Law of Property Act 1922
- Parliament of the United Kingdom
- Long title: An Act to assimilate and amend the law of Real and Personal Estate, to abolish copyhold and other special tenures, to amend the law relating to commonable lands and of intestacy, and to amend the Wills Act, 1837, the Settled Land Acts, 1882 to 1890, the Conveyancing Acts, 1881 to 1911, the Trustee Act, 1893, and the Land Transfer Acts, 1875 and 1897.
- Citation: 12 & 13 Geo. 5. c. 16
- Territorial extent: England and Wales

Dates
- Royal assent: 29 June 1922
- Commencement: 1 January 1926

Other legislation
- Amends: See § Repealed enactments
- Repeals/revokes: See § Repealed enactments
- Amended by: Law of Property Act (Postponement) Act 1924; Law of Property (Amendment) Act 1924; Settled Land Act 1925; Land Charges Act 1925; Law of Property Act 1925; Universities and College Estates Act 1925; Law of Property (Amendment) Act 1926; Statute Law Revision Act 1948; Mental Health Act 1959; Statute Law (Repeals) Act 1969; Endowments and Glebe Measure 1976; Solicitors' Incorporated Practices Order 1991; Trusts of Land and Appointment of Trustees Act 1996; Commonhold and Leasehold Reform Act 2002;
- Relates to: Housing Act 1925; Housing (Scotland) Act 1925; Town Planning Act 1925; Town Planning (Scotland) Act 1925; Settled Land Act 1925; Trustee Act 1925; Law of Property Act 1925; Land Registration Act 1925; Land Charges Act 1925; Administration of Estates Act 1925; Universities and College Estates Act 1925; Supreme Court of Judicature (Consolidation) Act 1925; Workmen's Compensation Act 1925;

Status: Partially repealed

Text of statute as originally enacted

Revised text of statute as amended

Text of the Law of Property Act 1922 as in force today (including any amendments) within the United Kingdom, from legislation.gov.uk.

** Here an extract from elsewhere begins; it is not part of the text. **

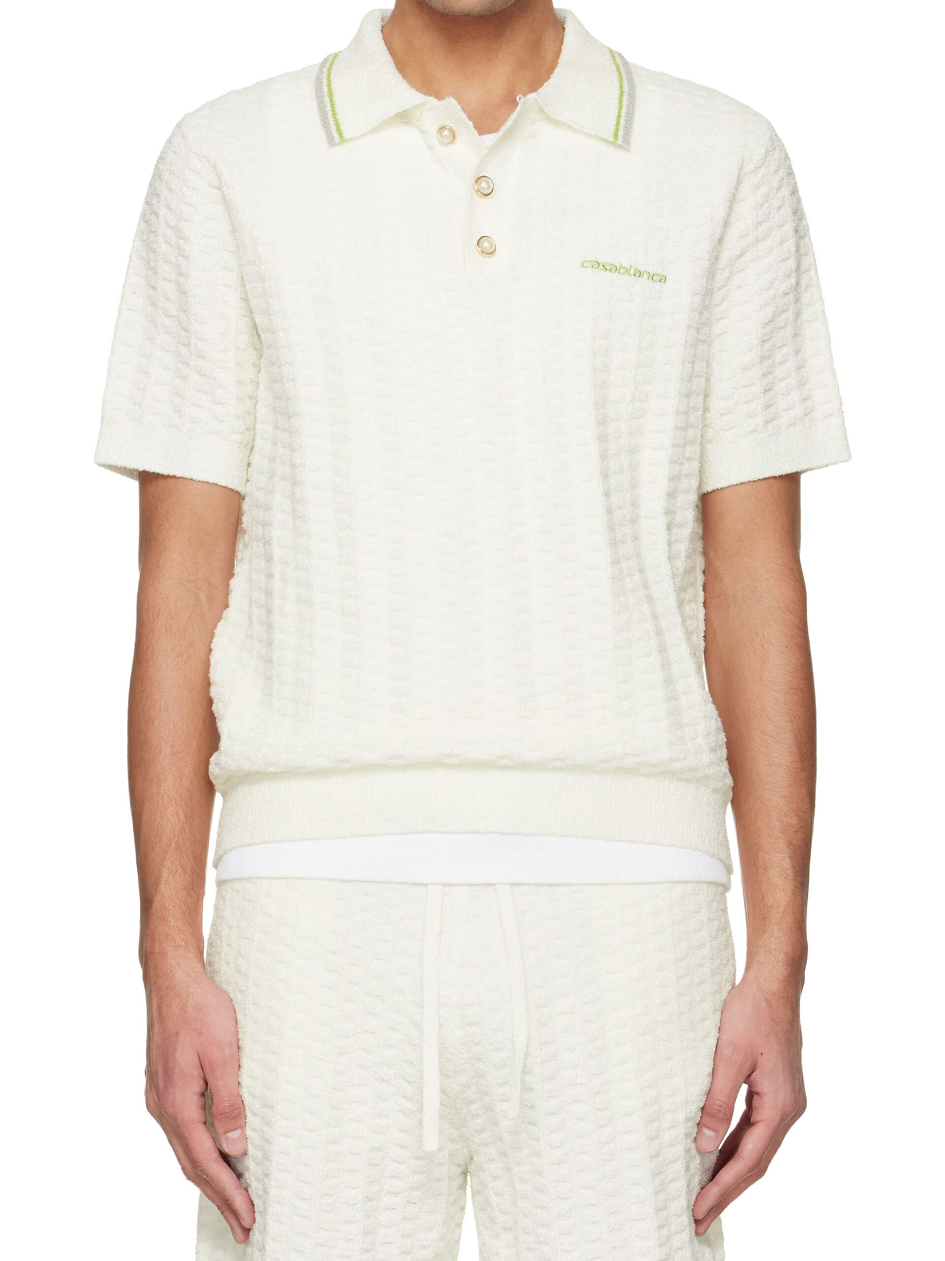 White cotton-blend bouclé fabric polo shirt. It features a point collar with grey and green details, a three-button placket, short sleeves, an embroidered Casablanca signature on the chest, and ribbed trims. Comfortable fit.

= Law of Property Act 1922 =

Act of the Parliament of the United Kingdom

The Law of Property Act 1922 (12 & 13 Geo. 5. c. 16) is an act of the Parliament of the United Kingdom that amended the law of real and personal estate in England and Wales, abolishing copyhold and other special tenures, reforming the law of intestacy, and amending the Settled Land Acts, the Conveyancing Acts, the Trustee Act 1893, and the Land Transfer Acts.

== Provisions ==

=== Repealed enactments ===
Section 1(6) of the act repealed the Statute of Uses Act 1535 (27 Hen. 8. c. 10) and section 61 of the Conveyancing Act 1881 (44 & 45 Vict. c. 41).

Section 17(5) of the act repealed section 32 of the Fines and Recoveries Act 1833 (3 & 4 Will. 4. c. 74).

Section 44(7) of the act repealed the Settled Land Act 1889 (52 & 53 Vict. c. 36).

== Subsequent developments ==

The Law of Property Act (Postponement) Act 1924 (15 & 16 Geo. 5. c. 4) postponed the commencement of the act from 1 January 1925 to 1 January 1926, allowing time for a series of consolidating statutes to be prepared.

The Law of Property (Amendment) Act 1924 (15 & 16 Geo. 5. c. 5) declared, by section 1 of, and the first schedule to, that act, the enactments repealed by the principal act, and made further amendments to its provisions regarding the enfranchisement of copyholds and the conversion of perpetually renewable leaseholds into long terms.

The whole of the 1924 act was repealed by section 1(1) of, and the first schedule to, the Statute Law Revision Act 1950 (14 Geo. 6. c. 6), which came into force on 23 May 1950.

Much of the act was subsequently repealed by the Settled Land Act 1925 (15 & 16 Geo. 5. c. 18), the Law of Property Act 1925 (15 & 16 Geo. 5. c. 20) and the Land Charges Act 1925 (15 & 16 Geo. 5. c. 22), which came into force on 1 January 1926.